Both cortex and hippocampus were stained using Congo red dye to detect the deposition of amyloid beta plaques. The cortex and hippocampus (Figure 9A and Figure 10A) from normal control group did not show any lesion of pathological significance. It showed normal histology and neuronal cells in the cortex and hippocampus. The brain tissues from disease control animals (Figure 9B and Figure 10B) showed deposition of amyloid in the cortex and hippocampus. Treatment with memantine 20 mg/kg (Figure 9C and Figure 10C) showed multifocal minimal to mild deposition of amyloid at the parietal cortex and hippocampus. The cortex and hippocampus (Figure 9D and Figure 10D) from the animals treated with quercetin (50 mg/kg) showed multifocal mild deposition of amyloid in the cortex as well as the hippocampus. Quercetin administered with memantine at a dose of 20 + 25 mg/kg (Figure 9E and Figure 10E) showed multifocal mild deposition of amyloid in the parietal cortex and hippocampus. However, the dose of 20 + 50 mg/kg of quercetin with memantine treatment showed focal minimal to mild deposition of amyloid in the cortex and hippocampus (Figure 9F and Figure 10F). The arrow indicates the histopathological changes.

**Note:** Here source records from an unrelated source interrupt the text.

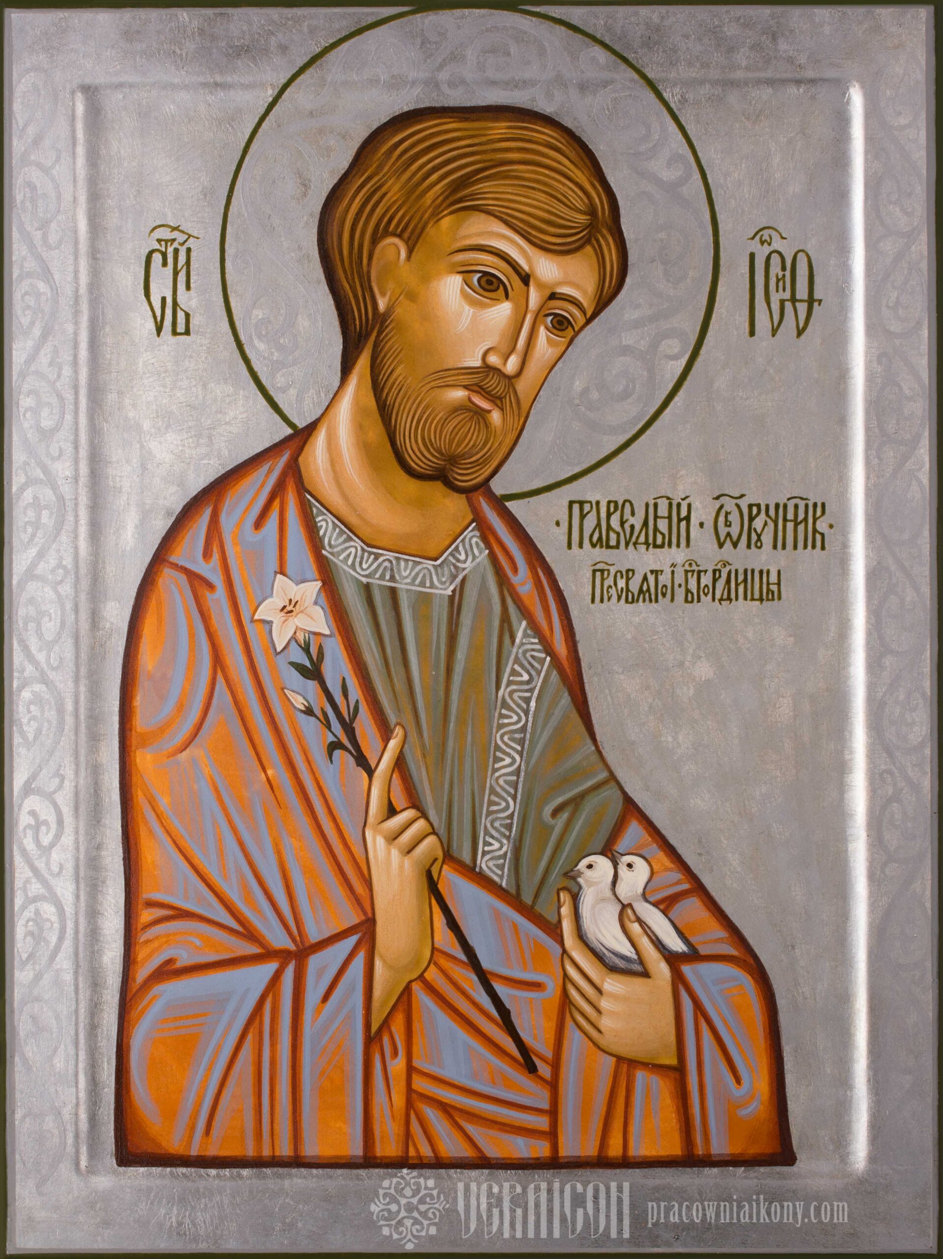 St. Joseph of Nazareth is venerated in the Eastern Church as the “Righteous” and the “Betrothed.” He is the patron of families, fathers, expectant mothers, as well as workers and the poor. He is most often depicted in icons of the Holy Family or with the Christ Child on his arm. In compositions focusing solely on St. Joseph, symbolic elements such as lilies, doves, or carpenter’s tools often appear.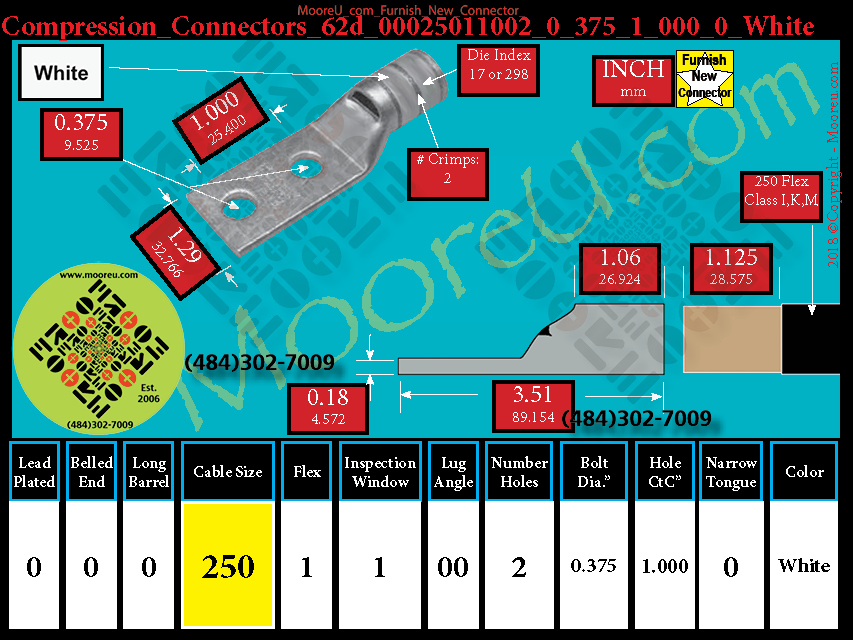 Each, Color: White, Lead Plate: No, Belled: No, Barrel: Std., Conductor: 250 Flex 637/24 CLASS I,K,M, Flex: Yes, Inspect Window: Yes, Angle: OO, Num Holes: 2, Bolt Size Dia: 3/8", C To C: 1", Tongue: Std, Tongue Wide: 1.29, Barrel L: 1.06, Thick: 0.18, Length: 3.51, mm x mm= 150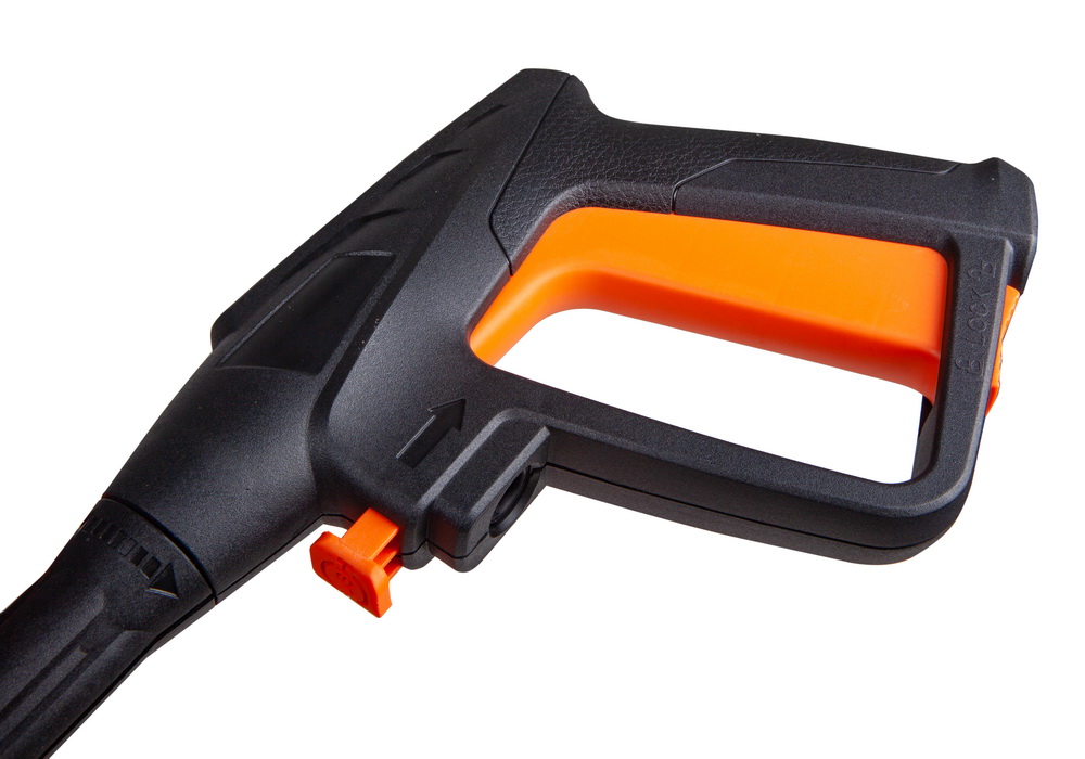 - Дистанционное управление двигателем через пусковую клавишу распылителя повышает комфорт работ, особенно при длительном использовании, сокращает время операций и упрощает процесс мойки.

2.5. Immunohistochemistry Studies (IHC)

2.5.1. Amyloid-β Expression

Microscopic examination of immuno-histochemical-stained brain tissues from the normal control group did not show expression of amyloid-β in cortex and hippocampus regions (Figure 11A and Figure 12A), while moderately enhanced expression of amyloid-β was observed in the cortex and hippocampus (Figure 11B and Figure 12B) of the disease control animals. The group administered with memantine 20 mg/kg showed mildly enhanced expression of amyloid-β in the cortex and hippocampus regions (Figure 11C and Figure 12C) of the brain. Further, the group administered with a dose of quercetin 50 mg/kg (Figure 11D and Figure 12D) and quercetin administered with memantine at a dose of 20 + 25 mg/kg (Figure 11E and Figure 12E) mildly enhanced expression of amyloid-β in cortex region and mild to moderately enhanced expression is observed in the hippocampus. However, the treatment of quercetin with memantine at a dose of 20 + 50 mg/kg (Figure 11F and Figure 12F) showed mildly enhanced expression of amyloid-β in both the cortex as well as hippocampus regions. Optical density data for IHC staining have also been presented, which confirms the microscopic observations (Figure 11G and Figure 12G).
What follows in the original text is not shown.